Data:
§ §

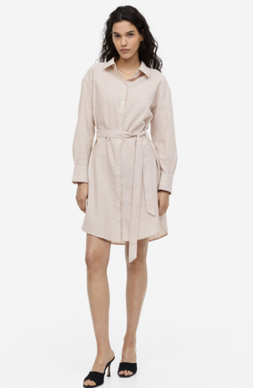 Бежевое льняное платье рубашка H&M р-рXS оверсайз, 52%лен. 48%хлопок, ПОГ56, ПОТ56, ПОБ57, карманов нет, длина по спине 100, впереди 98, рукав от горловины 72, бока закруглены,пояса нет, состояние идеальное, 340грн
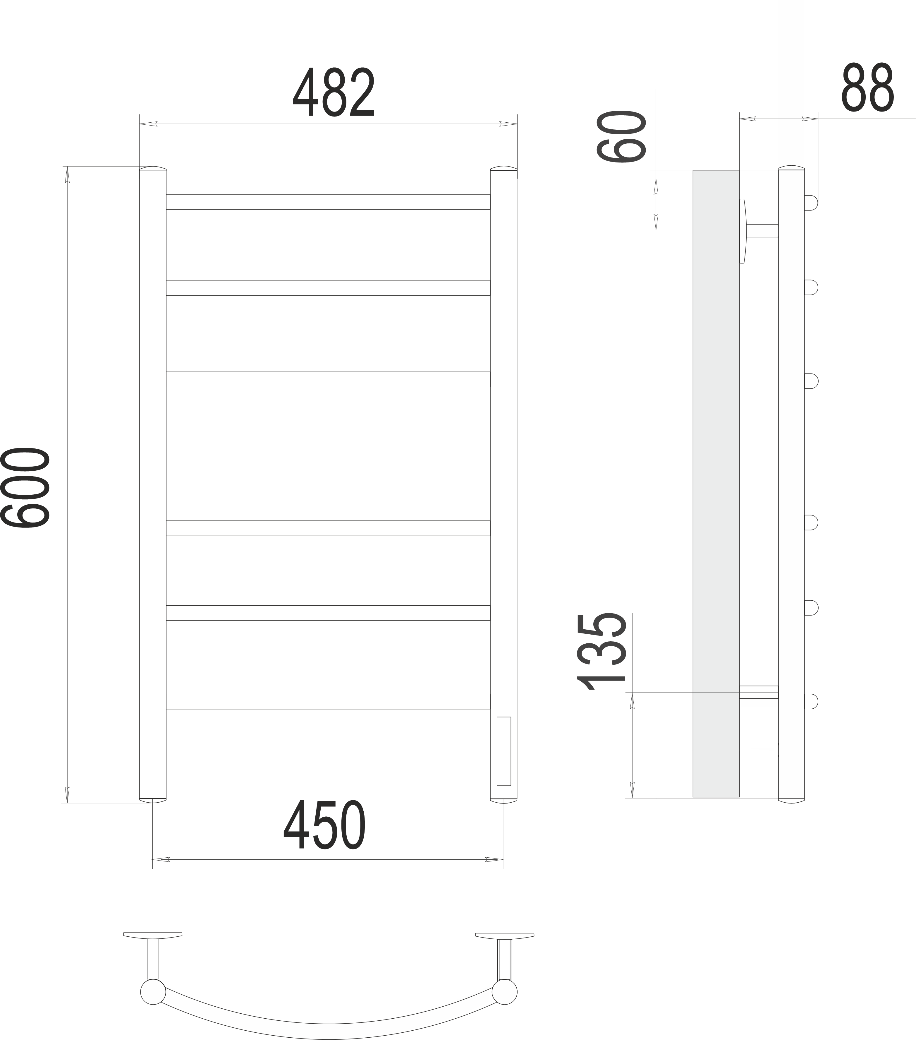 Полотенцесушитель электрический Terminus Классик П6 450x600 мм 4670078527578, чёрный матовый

§ §

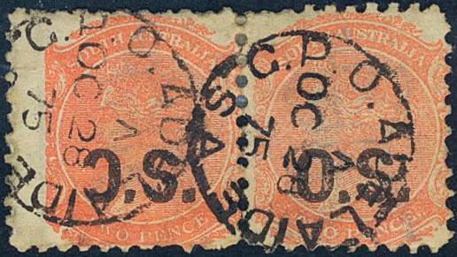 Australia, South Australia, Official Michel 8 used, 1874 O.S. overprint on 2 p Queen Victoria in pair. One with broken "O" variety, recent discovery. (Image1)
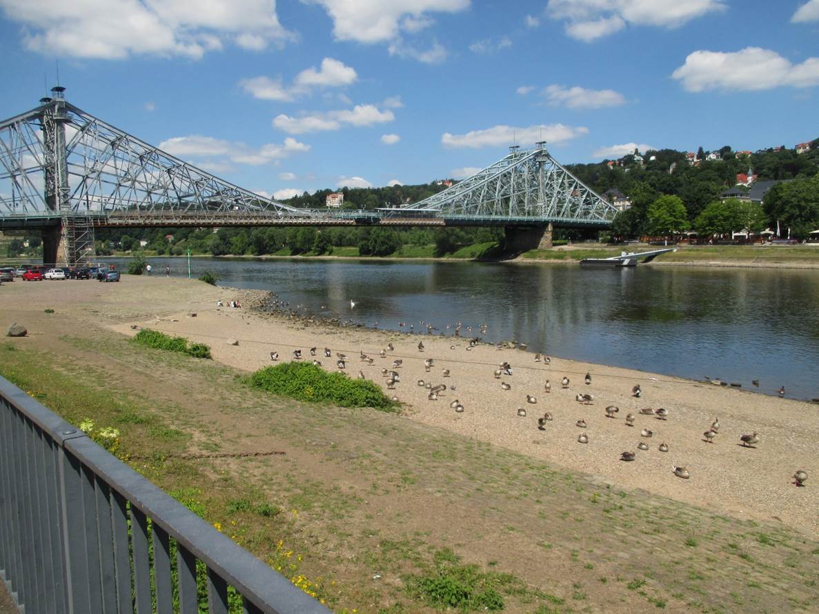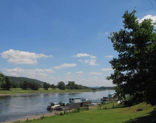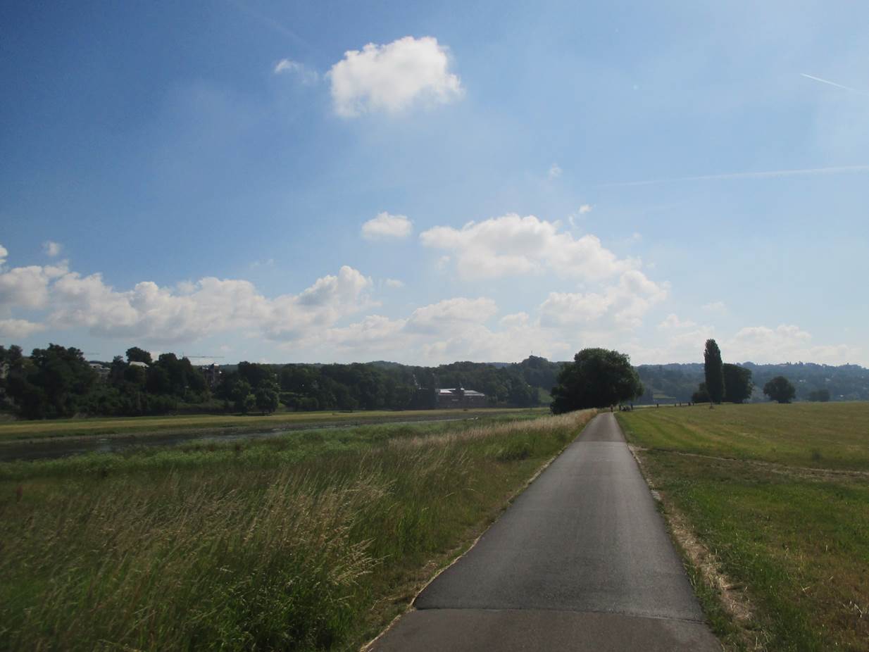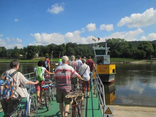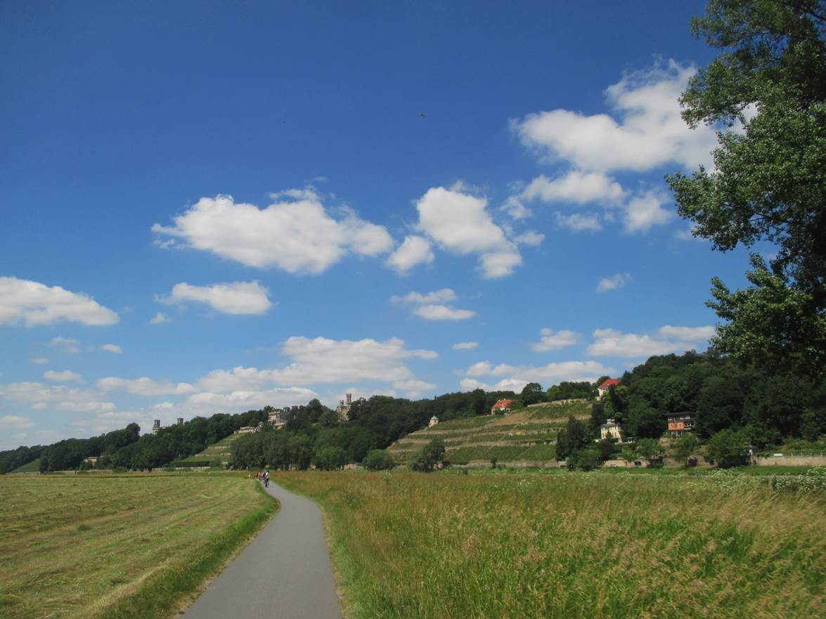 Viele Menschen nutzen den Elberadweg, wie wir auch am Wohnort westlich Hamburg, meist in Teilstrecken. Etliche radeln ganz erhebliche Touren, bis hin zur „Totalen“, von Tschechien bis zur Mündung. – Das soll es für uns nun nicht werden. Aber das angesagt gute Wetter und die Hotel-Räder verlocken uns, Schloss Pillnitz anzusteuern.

§ §

Exercise instructions:
In the entries above, find the line with "Бежевое льняное платье" and the line with "Полотенцесушитель электрический Terminus". Return exactly those lines and all the ones between them, pictures excluded.

Task output:
 Бежевое льняное платье рубашка H&M р-рXS оверсайз, 52%лен. 48%хлопок, ПОГ56, ПОТ56, ПОБ57, карманов нет, длина по спине 100, впереди 98, рукав от горловины 72, бока закруглены,пояса нет, состояние идеальное, 340грн
 Полотенцесушитель электрический Terminus Классик П6 450x600 мм 4670078527578, чёрный матовый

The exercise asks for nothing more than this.